§ About this exercise
Only the lines from the first line of the data through the line containing "The 1822 Half" belong in the answer, transcribed exactly; pictures do not.

[Records contained in a dataset]
*** Block opens ***

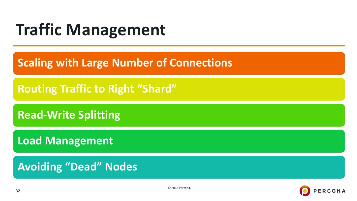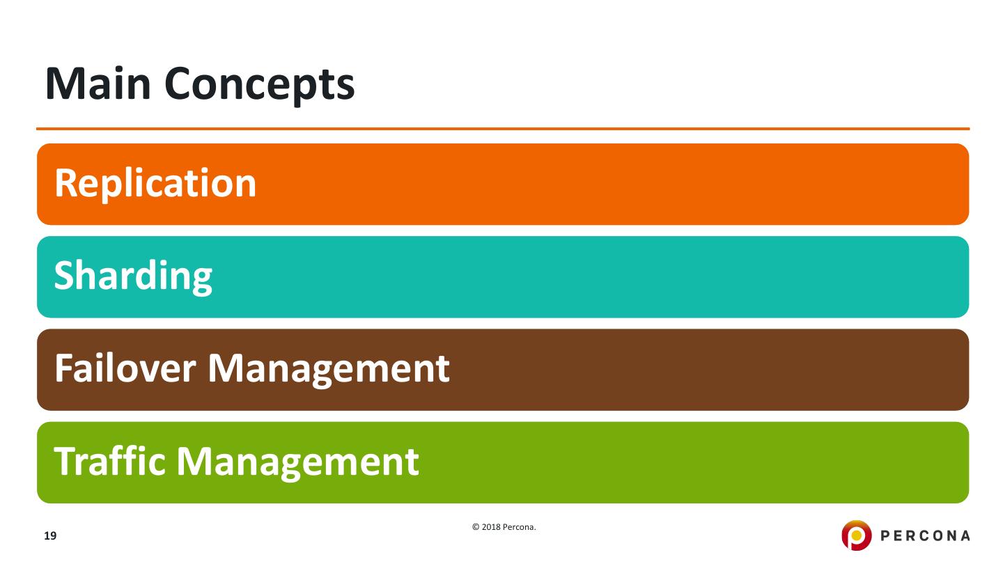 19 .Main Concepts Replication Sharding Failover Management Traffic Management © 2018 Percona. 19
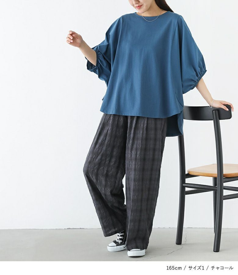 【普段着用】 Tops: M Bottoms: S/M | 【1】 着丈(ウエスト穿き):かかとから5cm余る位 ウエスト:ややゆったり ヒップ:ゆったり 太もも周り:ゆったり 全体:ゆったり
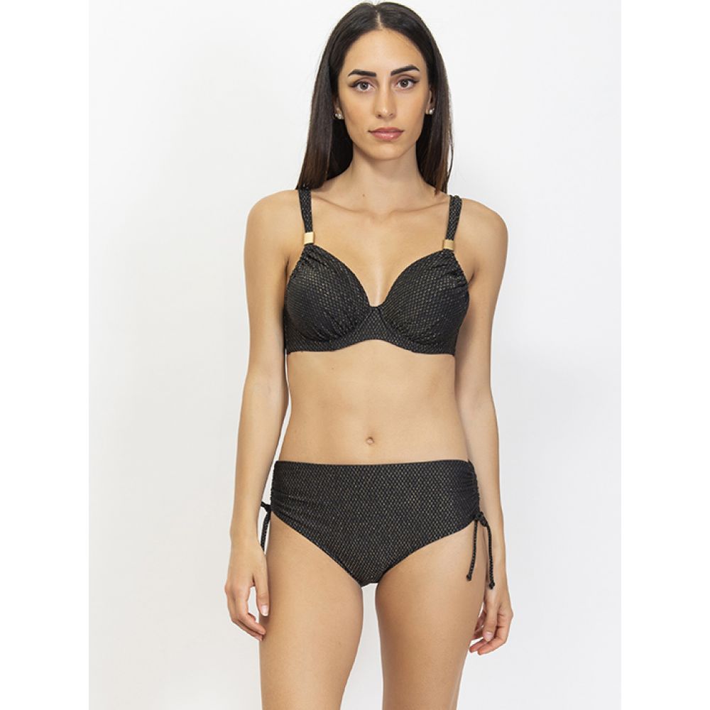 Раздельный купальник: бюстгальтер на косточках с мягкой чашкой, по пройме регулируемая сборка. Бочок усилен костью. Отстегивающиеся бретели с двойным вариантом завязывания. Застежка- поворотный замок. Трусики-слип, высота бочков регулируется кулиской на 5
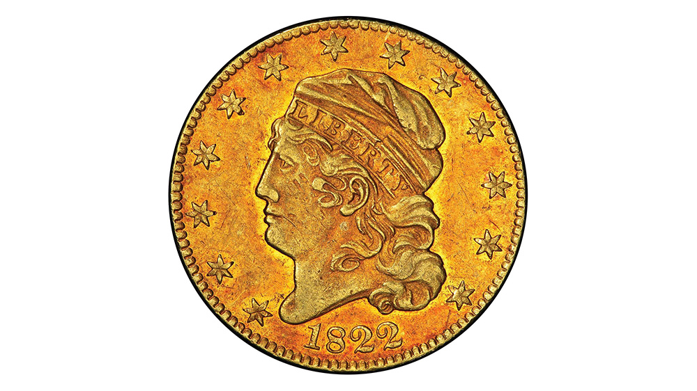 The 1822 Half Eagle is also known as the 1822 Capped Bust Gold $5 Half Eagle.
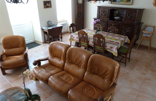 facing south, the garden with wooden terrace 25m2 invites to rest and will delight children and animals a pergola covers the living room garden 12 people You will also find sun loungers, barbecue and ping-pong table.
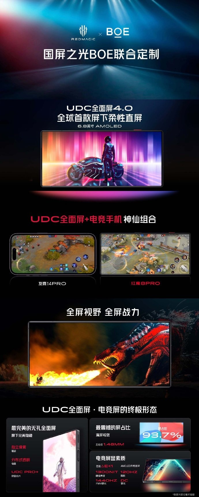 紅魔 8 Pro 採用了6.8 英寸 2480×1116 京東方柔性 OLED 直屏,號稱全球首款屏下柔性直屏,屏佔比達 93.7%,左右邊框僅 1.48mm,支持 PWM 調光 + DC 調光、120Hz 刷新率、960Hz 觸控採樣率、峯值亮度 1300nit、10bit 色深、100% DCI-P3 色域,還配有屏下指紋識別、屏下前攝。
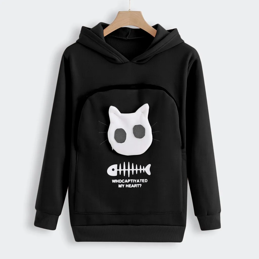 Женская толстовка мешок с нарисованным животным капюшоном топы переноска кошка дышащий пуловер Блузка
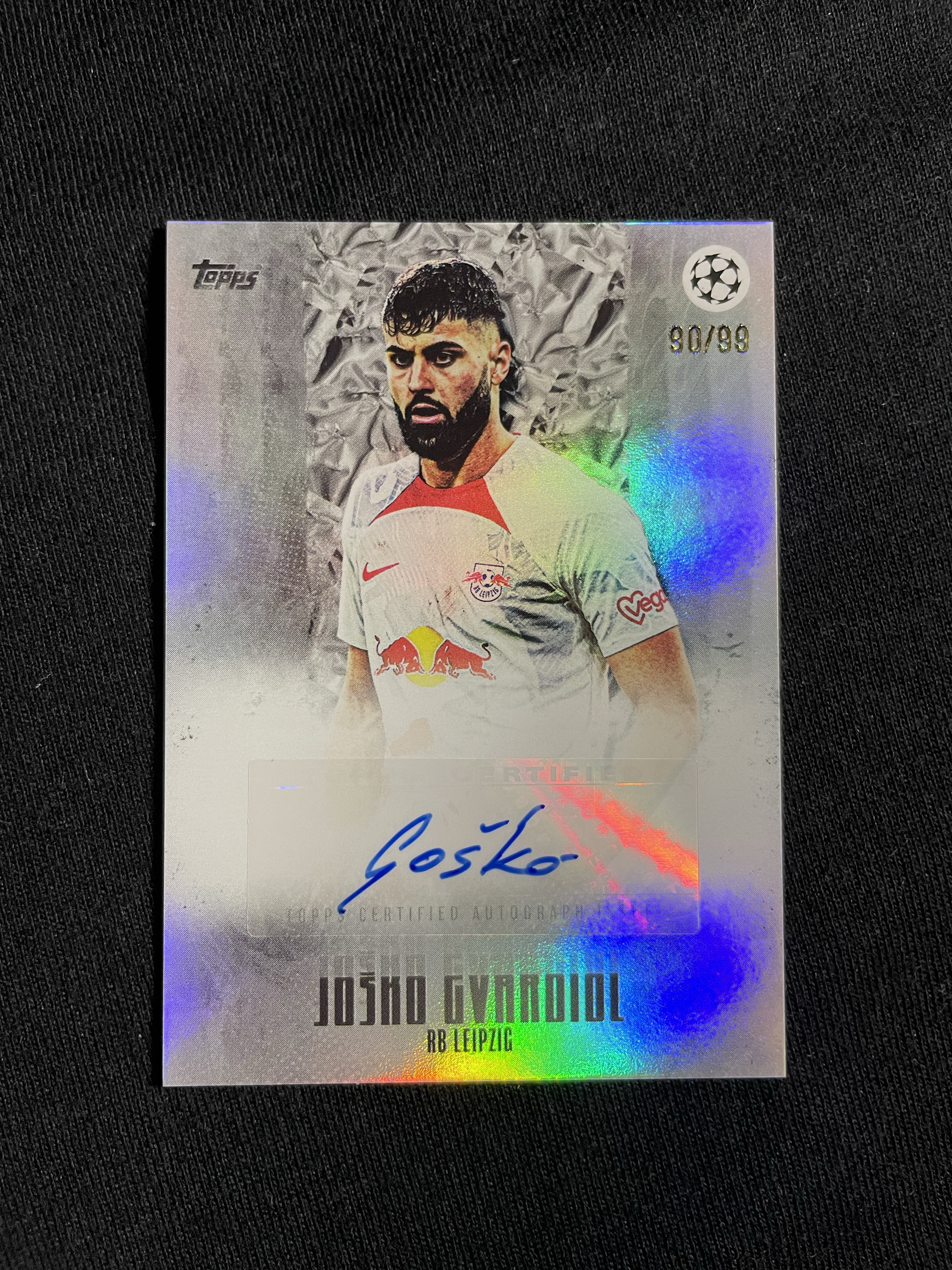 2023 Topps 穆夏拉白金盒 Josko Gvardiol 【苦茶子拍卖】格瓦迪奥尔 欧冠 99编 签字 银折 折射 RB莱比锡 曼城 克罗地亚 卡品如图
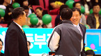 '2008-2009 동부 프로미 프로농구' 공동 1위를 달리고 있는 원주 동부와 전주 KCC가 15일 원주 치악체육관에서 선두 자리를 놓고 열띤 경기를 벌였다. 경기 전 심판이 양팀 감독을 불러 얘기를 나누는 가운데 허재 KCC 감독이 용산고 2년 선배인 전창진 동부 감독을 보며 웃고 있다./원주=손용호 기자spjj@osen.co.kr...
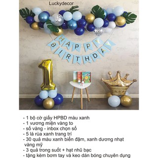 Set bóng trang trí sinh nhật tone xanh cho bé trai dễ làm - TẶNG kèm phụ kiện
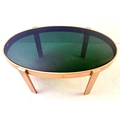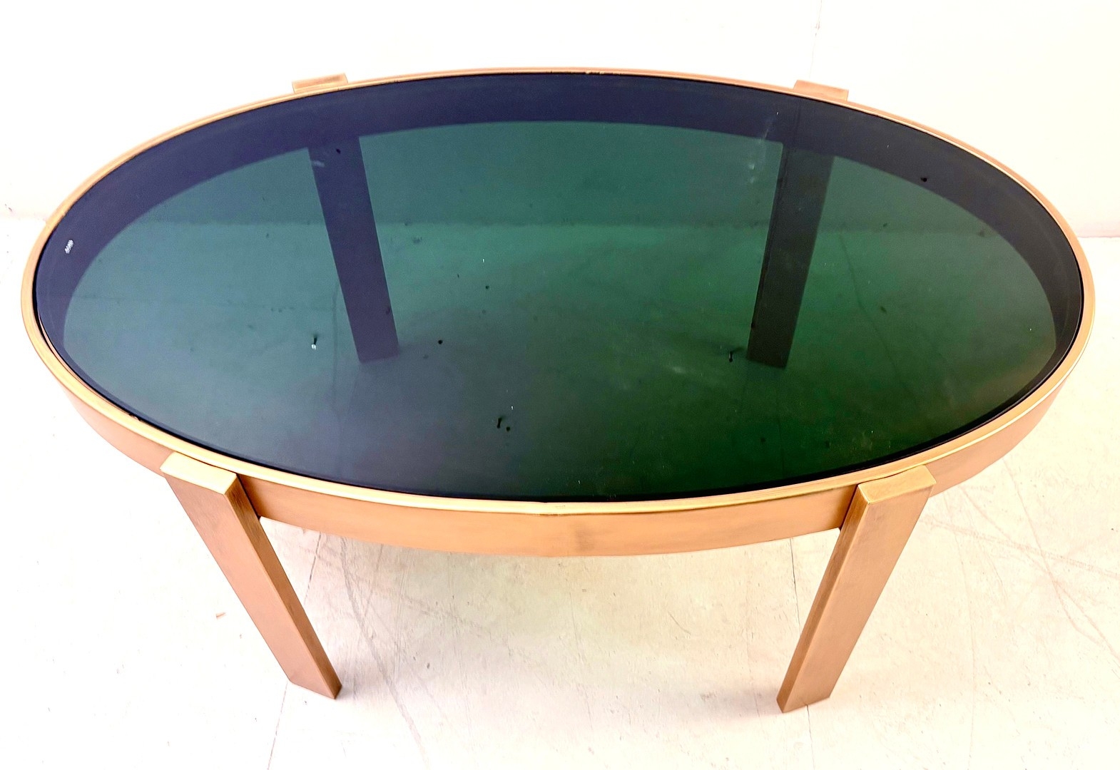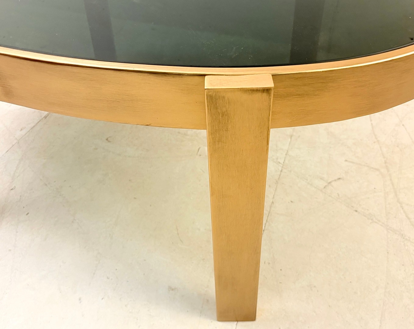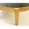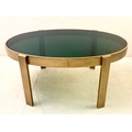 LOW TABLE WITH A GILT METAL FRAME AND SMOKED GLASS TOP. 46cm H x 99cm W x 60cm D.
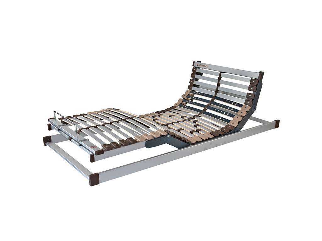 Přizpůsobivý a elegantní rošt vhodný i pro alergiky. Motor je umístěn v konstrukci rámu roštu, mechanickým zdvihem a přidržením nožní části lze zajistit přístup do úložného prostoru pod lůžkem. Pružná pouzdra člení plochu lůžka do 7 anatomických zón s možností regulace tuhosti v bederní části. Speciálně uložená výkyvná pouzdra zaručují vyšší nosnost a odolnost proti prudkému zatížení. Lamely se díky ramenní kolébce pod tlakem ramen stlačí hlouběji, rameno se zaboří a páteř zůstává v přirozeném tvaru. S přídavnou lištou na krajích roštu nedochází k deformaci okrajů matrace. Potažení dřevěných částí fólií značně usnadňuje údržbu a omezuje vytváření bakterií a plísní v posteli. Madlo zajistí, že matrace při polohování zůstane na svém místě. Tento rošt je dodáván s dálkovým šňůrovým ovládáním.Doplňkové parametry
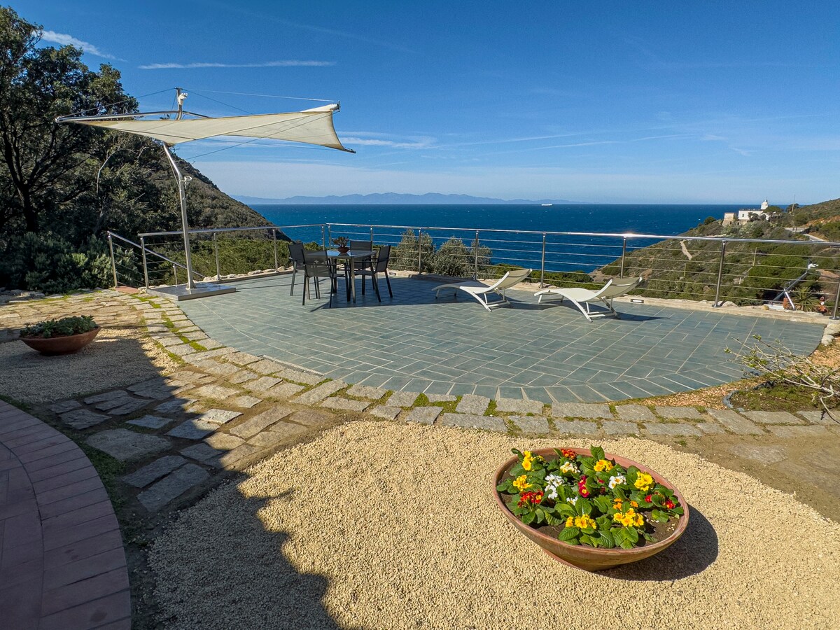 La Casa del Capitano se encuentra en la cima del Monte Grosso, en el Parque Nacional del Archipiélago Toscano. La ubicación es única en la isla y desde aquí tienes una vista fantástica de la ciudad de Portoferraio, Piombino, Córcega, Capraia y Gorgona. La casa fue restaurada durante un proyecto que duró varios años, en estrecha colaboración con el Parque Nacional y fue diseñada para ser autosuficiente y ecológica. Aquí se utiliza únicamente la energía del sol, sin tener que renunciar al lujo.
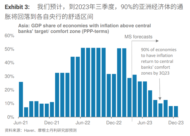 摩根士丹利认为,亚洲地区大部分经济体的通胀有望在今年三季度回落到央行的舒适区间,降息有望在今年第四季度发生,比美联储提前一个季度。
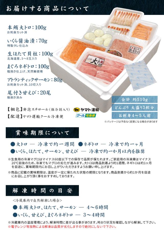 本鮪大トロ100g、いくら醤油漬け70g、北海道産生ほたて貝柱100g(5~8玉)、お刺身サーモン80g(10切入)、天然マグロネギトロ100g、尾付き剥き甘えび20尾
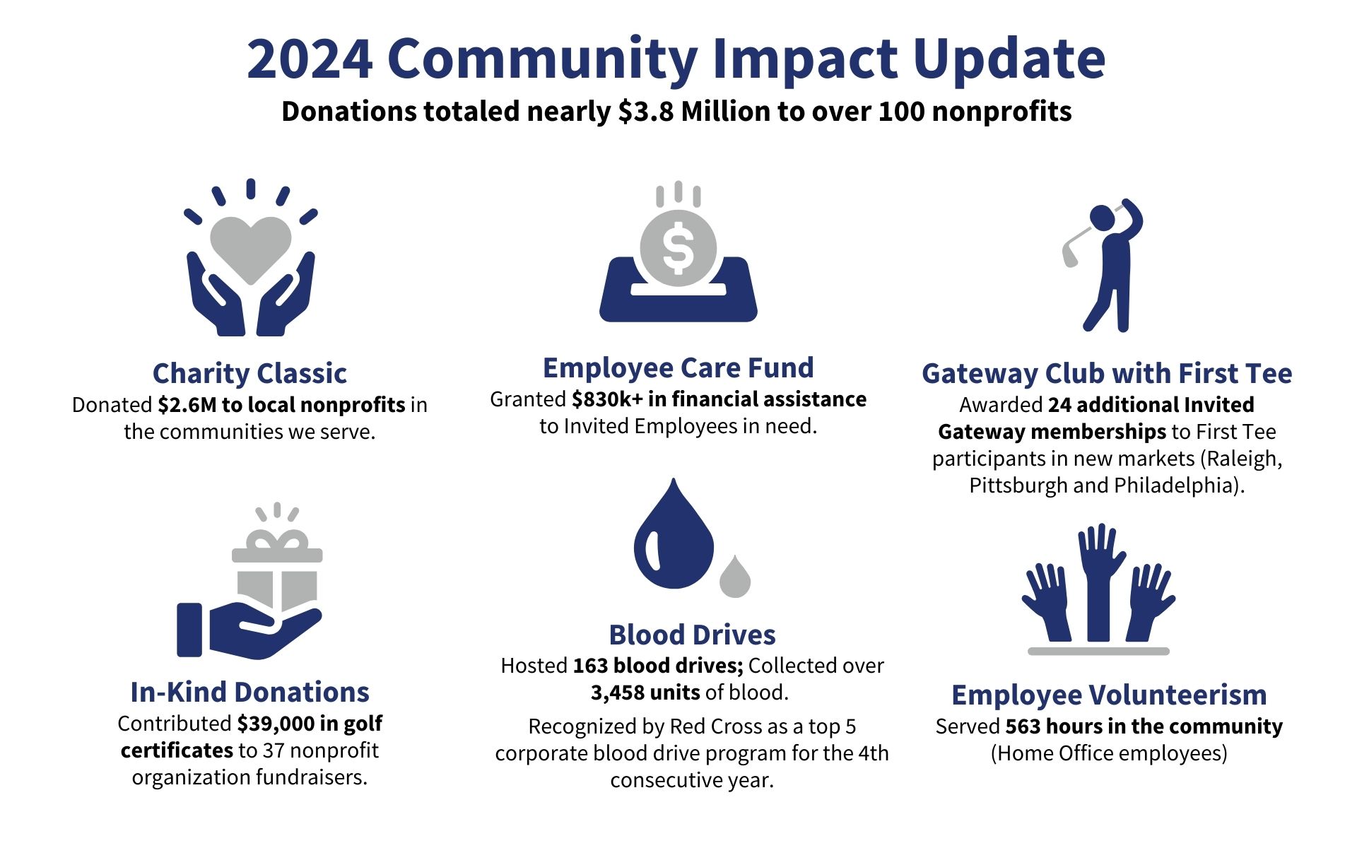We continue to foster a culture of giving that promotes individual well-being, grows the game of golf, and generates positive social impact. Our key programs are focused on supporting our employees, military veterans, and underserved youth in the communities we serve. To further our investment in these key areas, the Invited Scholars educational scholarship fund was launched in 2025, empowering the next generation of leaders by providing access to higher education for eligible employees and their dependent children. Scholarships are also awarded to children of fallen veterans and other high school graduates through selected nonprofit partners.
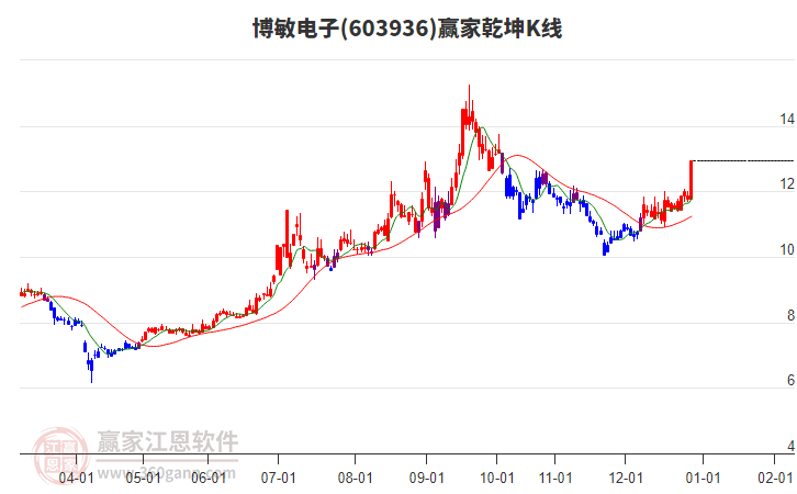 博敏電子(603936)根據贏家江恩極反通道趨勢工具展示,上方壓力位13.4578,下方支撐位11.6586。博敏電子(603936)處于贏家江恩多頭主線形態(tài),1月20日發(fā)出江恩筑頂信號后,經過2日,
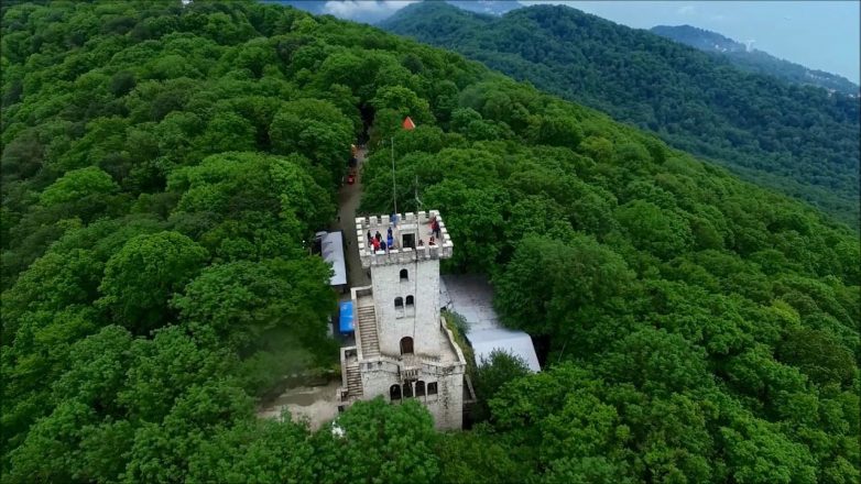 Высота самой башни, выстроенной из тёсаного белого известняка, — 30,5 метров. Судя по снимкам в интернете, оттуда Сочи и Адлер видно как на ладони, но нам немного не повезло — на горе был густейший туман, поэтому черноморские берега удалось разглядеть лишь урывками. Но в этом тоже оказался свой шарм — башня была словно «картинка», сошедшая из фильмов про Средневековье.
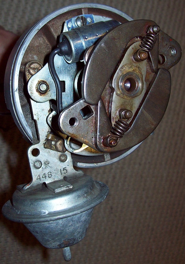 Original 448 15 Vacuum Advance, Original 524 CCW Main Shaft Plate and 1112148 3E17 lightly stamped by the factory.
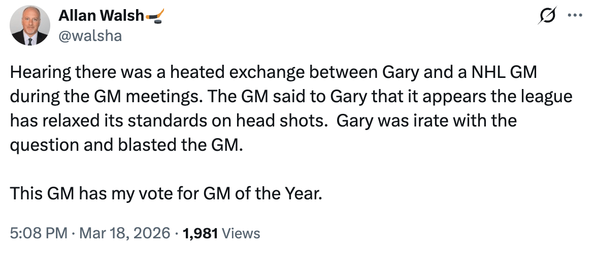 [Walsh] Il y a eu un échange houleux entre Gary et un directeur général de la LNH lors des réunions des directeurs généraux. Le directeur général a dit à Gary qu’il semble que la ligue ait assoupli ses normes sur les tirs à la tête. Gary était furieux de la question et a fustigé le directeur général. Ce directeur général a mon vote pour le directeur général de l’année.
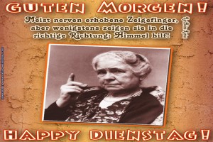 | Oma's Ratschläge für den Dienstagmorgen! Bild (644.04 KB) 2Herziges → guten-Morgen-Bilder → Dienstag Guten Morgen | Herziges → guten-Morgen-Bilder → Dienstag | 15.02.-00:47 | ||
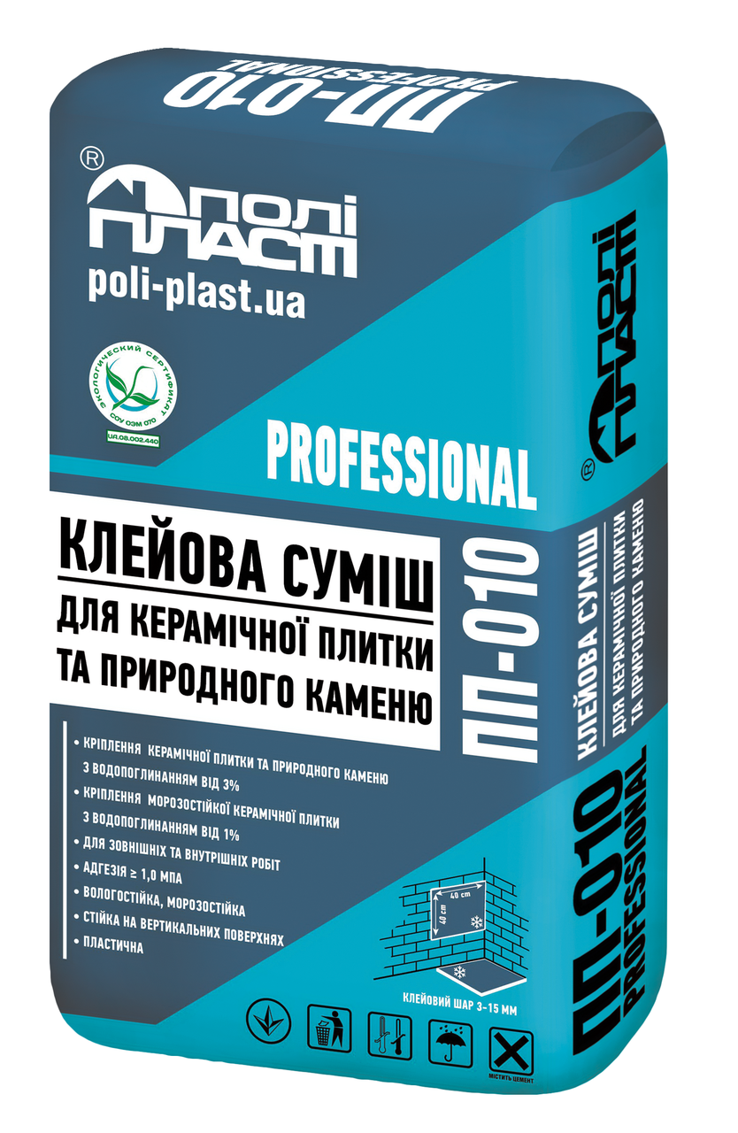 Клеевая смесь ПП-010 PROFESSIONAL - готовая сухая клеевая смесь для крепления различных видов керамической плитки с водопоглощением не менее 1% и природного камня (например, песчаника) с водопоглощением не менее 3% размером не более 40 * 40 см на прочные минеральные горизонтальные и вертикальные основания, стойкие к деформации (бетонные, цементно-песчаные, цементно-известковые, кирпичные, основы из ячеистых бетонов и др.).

*** Block closes ***

§ Your response
 19 .Main Concepts Replication Sharding Failover Management Traffic Management © 2018 Percona. 19
 【普段着用】 Tops: M Bottoms: S/M | 【1】 着丈(ウエスト穿き):かかとから5cm余る位 ウエスト:ややゆったり ヒップ:ゆったり 太もも周り:ゆったり 全体:ゆったり
 Раздельный купальник: бюстгальтер на косточках с мягкой чашкой, по пройме регулируемая сборка. Бочок усилен костью. Отстегивающиеся бретели с двойным вариантом завязывания. Застежка- поворотный замок. Трусики-слип, высота бочков регулируется кулиской на 5
 The 1822 Half Eagle is also known as the 1822 Capped Bust Gold $5 Half Eagle.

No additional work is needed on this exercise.